Martin saw Kane himself shake with this blast. But he checked himself and spoke to his aide.

“Homer, make a note of that, for the Chief.”

Prescott whipped out a notebook, bent over the map table, and fixed his shocked eyes upon Dennis. The Brigadier, as if conscious of the narrowness of this momentary reprieve, paused for a minute before continuing with an earnest, low-voiced sincerity more moving than any vehemence.

“We’ve scarcely scratched Germany yet, sir, but look what we’re doing to their Air Force. We’re doing what no other weapon in this war has done or can do. We’re making it fight, on
our initiative
, where it can’t refuse in order to rest and rebuild. We are tearing it up
over Germany
. The German Air Force has been the balance of power in this whole war, ever since Munich. It took their Ground Forces everywhere they’ve been. It beat the Polish Air Force in three days, the Norwegian in three hours; it forced the Maginot Line and beat the French in three weeks…”

“Homer,” said Kane, “be sure you’re getting this.”

“The Royal Air Force,” continued Dennis, “won a brilliant battle from it but it was a defensive battle, over England. The German Air Force rested a little and then knocked off Yugoslavia and Greece for practice, captured Crete, dominated the Mediterranean, chased the Russians to Moscow and the Volga, and got close enough to that Caspian oil to smell it. They blockaded the North Cape and very nearly cut the Atlantic life line to England itself. Peterson would have done it if Goering had given him two groups instead of one
Staffel
. And even after that they took Rommel to the gates of Alexandria.

“Now where is that German Air Force, sir? Already we’ve made them convert bomber groups to fighters, we’ve made them switch their whole production, procurement, and training programs. We’ve made them pull operational groups off the Russians and away from Rommel to put them over there, across the Channel, against us…”

He walked over and banged the map with his fist and his voice was rising again now.

“Now the Russians have been able to mount and sustain a counteroffensive. Our own people, in the Med, have air superiority and they’re advancing with it…”

“Get every word of this, Homer,” breathed Kane.

“Well, get this too, Homer,” rasped Dennis. “The Germans know all of this better than we do. They’ve been willing to loosen their grip on their costliest conquests and break the whole balance of their Air Force for just one thing… to defend Germany itself from us. They’ve done it because they know something else. They know that fighters, Spits and Hurricanes, saved England from either decisive bombardment or invasion. Now they’ve got a better fighter than those were. They intend to make Europe as impregnable as the British made England. And they’re going to do it, just as surely as we sit here with our fingers in our asses and let them!”
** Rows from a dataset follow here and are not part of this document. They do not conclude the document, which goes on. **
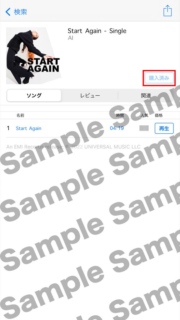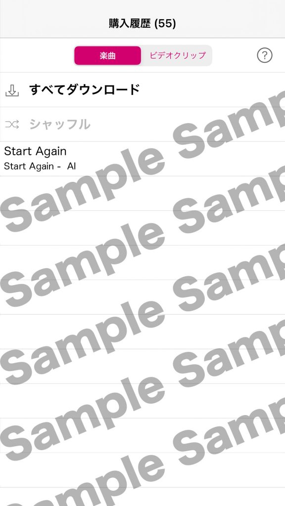 ※レコチョク アプリ(Androidの場合)、レコチョクplus+プレイヤー(iPhoneの場合)でのAI「Start Again」が載っている購入履歴画面のスクリーンショットが対象となります。
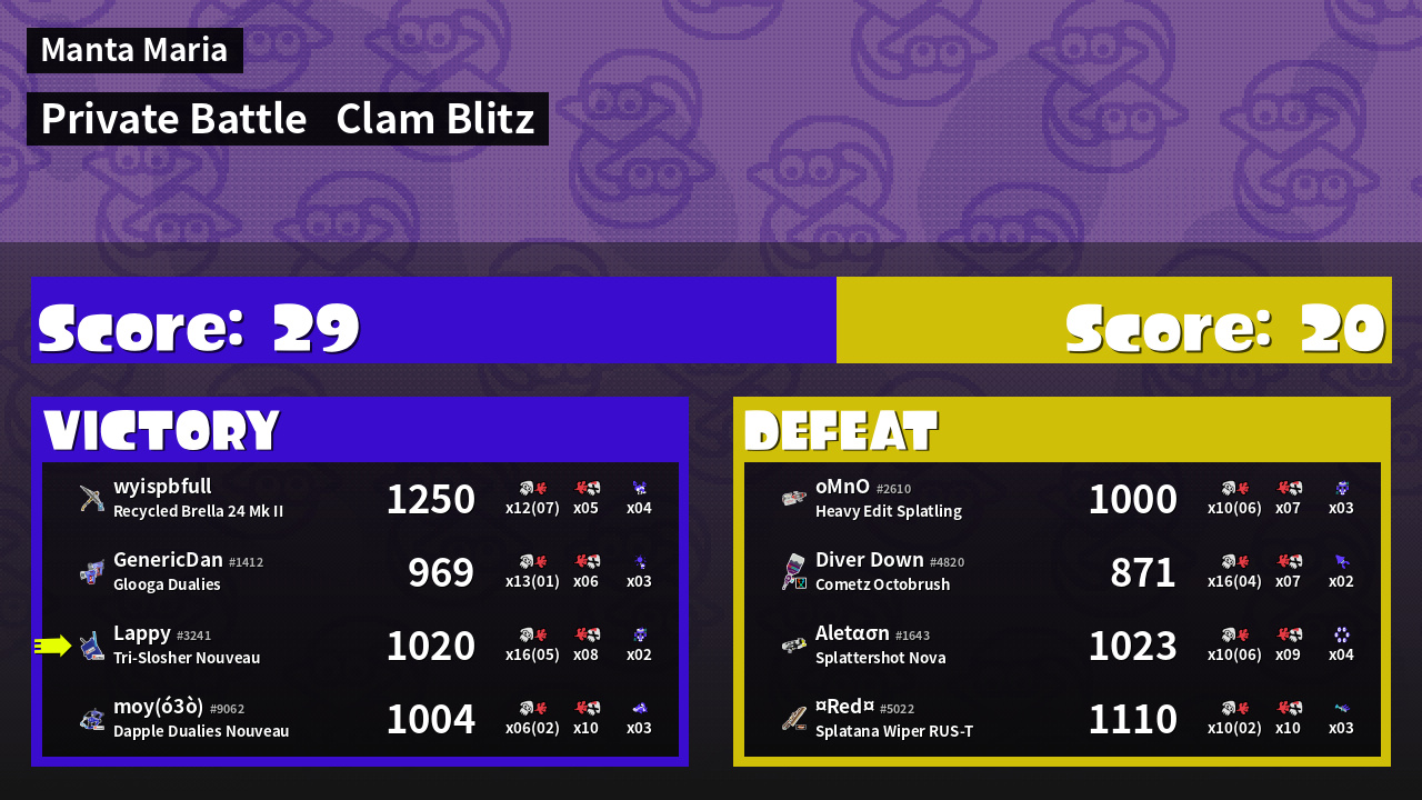 | Mode | Clam Blitz - Private Battle |
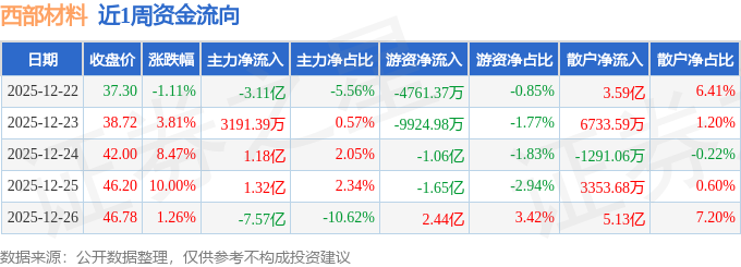 资金流向数据方面,本周西部材料主力资金合计净流出7.86亿元,游资资金合计净流出1.74亿元,散户资金合计净流入9.6亿元。本周资金流向一览见下表:
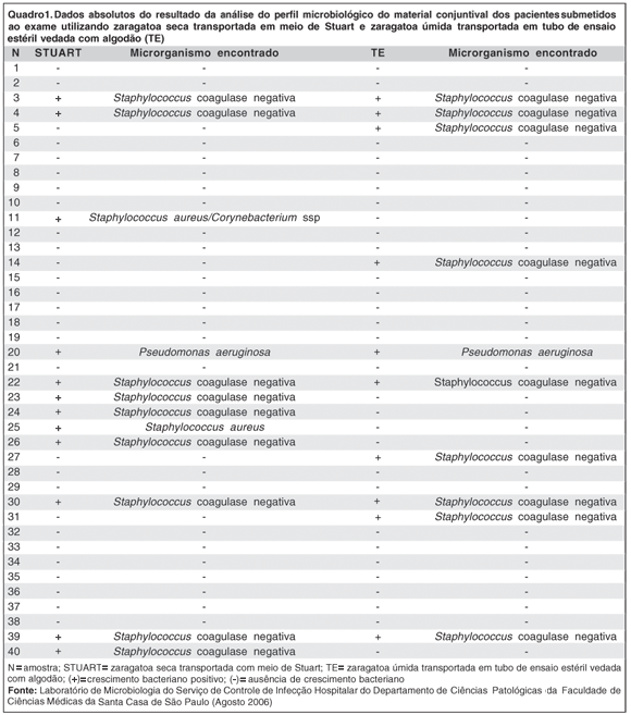 Das 40 amostras coletadas com zaragatoa úmida e transportadas no tubo estéril vedado com algodão, foi observada positividade em 10 (25%). Das 40 amostras coletadas com zaragatoa seca e transportadas no meio de Stuart, foi observada positividade em 12 (30%). Essas diferenças não se mostraram estatisticamente significantes (p= 0,85) (Quadro 1).

Prescott coughed discreetly through the enveloping silence.

“Do you want that in too, sir?”

Kane did not hear Prescott. He had been listening to Dennis. It was the burning sincerity of the plea which had illuminated again for him the old dream. He was seeing in fact the old vision of Air Power itself, the vision he had followed, the vision for which he and his kind had planned and pleaded and promised.

And yet it remained a glittering gamble. Kane knew far better than Dennis how bitterly the levels above him were torn with their own disunities, political, strategic, nationalistic, now that they had achieved the suppression of air power to an auxiliary level. He knew the quarrels and compromises, the delays and disagreements, the wary stalemates between military strategy and international policy, the sacrifices of lives to save faces and of faces to save the fears that were older than any passing war.